The crew aboard the United States' newest aircraft carrier, the USS Gerald R. Ford, has reported increasing frustration due to design flaws causing regular failures in the ship's toilet system. The $13 billion carrier has been deployed for seven months since leaving Norfolk in June and is currently operating in the Caribbean.
The General Accountability Office (GAO) reported in 2020 that the ship's Vacuum Collection, Holding and Transfer (VCHT) system was undersized and poorly designed. This system, which was adopted in part from the cruise ship industry for its water efficiency, has continued to experience breakdowns during the deployment, affecting the 4,600 sailors on board. Problems with the VCHT system have been reported since the carrier's initial deployment in 2023, with increasing frequency.
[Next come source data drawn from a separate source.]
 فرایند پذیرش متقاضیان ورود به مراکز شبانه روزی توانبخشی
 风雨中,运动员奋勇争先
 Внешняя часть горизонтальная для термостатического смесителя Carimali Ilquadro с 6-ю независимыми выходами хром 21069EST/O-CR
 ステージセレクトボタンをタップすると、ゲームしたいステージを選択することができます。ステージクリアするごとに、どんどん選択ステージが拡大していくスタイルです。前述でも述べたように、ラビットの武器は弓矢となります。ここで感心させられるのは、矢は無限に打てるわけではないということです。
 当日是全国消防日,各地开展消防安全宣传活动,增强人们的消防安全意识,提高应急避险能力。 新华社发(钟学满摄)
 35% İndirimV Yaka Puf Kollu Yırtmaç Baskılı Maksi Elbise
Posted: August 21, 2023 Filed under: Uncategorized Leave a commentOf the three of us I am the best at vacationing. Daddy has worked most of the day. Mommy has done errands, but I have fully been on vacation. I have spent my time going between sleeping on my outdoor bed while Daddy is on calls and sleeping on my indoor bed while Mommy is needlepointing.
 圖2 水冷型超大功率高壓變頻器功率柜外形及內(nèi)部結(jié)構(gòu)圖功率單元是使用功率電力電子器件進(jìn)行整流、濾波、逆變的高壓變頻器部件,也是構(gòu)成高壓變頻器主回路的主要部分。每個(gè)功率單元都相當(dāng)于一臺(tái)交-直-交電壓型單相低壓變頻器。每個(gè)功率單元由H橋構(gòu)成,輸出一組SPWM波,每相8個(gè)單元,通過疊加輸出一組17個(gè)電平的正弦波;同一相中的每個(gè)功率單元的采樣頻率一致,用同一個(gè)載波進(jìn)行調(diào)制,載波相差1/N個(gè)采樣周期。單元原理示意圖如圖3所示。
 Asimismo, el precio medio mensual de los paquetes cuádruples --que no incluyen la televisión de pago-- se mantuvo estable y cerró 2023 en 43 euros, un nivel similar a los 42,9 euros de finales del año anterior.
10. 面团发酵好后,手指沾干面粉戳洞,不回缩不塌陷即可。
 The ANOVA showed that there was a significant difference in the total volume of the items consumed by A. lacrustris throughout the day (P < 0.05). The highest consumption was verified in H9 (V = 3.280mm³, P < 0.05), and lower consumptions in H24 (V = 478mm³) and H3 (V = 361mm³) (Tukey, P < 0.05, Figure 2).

According to Navy documents obtained via a Freedom of Information Act (FOIA) request, a trouble call related to the VCHT system has been made daily since June 2023 when the entire crew is present. The carrier has requested external assistance 42 times since 2023, with 32 calls occurring in 2025 and 12 during the current deployment which began in June. An email from the engineering department on March 18, 2025, indicated 205 breakdowns in four days, stating that sailors responsible for sewage system maintenance (hull maintenance technicians or HTs) were working 19 hours a day to manage the demand.
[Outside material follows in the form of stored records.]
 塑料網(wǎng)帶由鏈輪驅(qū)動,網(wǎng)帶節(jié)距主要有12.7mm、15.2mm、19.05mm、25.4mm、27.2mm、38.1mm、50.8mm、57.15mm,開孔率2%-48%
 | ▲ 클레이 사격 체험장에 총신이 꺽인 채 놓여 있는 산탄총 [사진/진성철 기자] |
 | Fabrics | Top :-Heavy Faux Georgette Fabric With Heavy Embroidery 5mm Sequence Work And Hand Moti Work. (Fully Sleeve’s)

Issues identified include blockages caused by foreign objects like t-shirts, rope, brown paper towels, and commercial toilet paper due to the narrow vacuum pipes. A common problem involves a valve at the back of the toilets becoming loose, leading to a loss of suction in one of 10 zones. The most expensive problem is calcium build-ups in narrow pipes, particularly in lower decks. The 2020 GAO report estimated a cost of $400,000 for an acid flush to restore the system, and the ship has undergone this procedure at least 10 times since 2023, a process that can only be performed in port.
The engineering department has communicated with the A1B Propulsion Plant Planning Yard at Newport News Shipbuilding regarding the issues. The planning yard, part of Huntington Ingalls Industries, which constructs Ford-Class carriers, indicated that a temporary resolution might be offered until a full system redesign could be funded in the future.
The Navy has acknowledged the VCHT system's issues for over a decade. A similar vacuum system on the USS George H.W. Bush, a Nimitz-Class carrier, experienced comparable problems in 2013. The USS Gerald R. Ford is scheduled for VCHT system improvements during upcoming maintenance periods, with the Navy stating that similar upgrades on CVN 77 (USS George H.W. Bush) led to fewer maintenance problems. While an average outage duration is reported to be between 30 minutes and two hours, a Fleet Forces Command spokesman stated that the problems have had "no operational impact."
Experts suggest a long-term fix is not anticipated within the current year. Shelby Oakley, director of the GAO, noted that asking sailors to live in such conditions is regrettable. Bryan Clark of the Hudson Institute commented that adopting a sewage system from commercial cruise ships for a nuclear-powered warship, designed for months at sea, might have been a design error. The USS Ford was already the most expensive ship built by the Navy, incorporating unproven new technologies that contributed to increased costs and delayed delivery.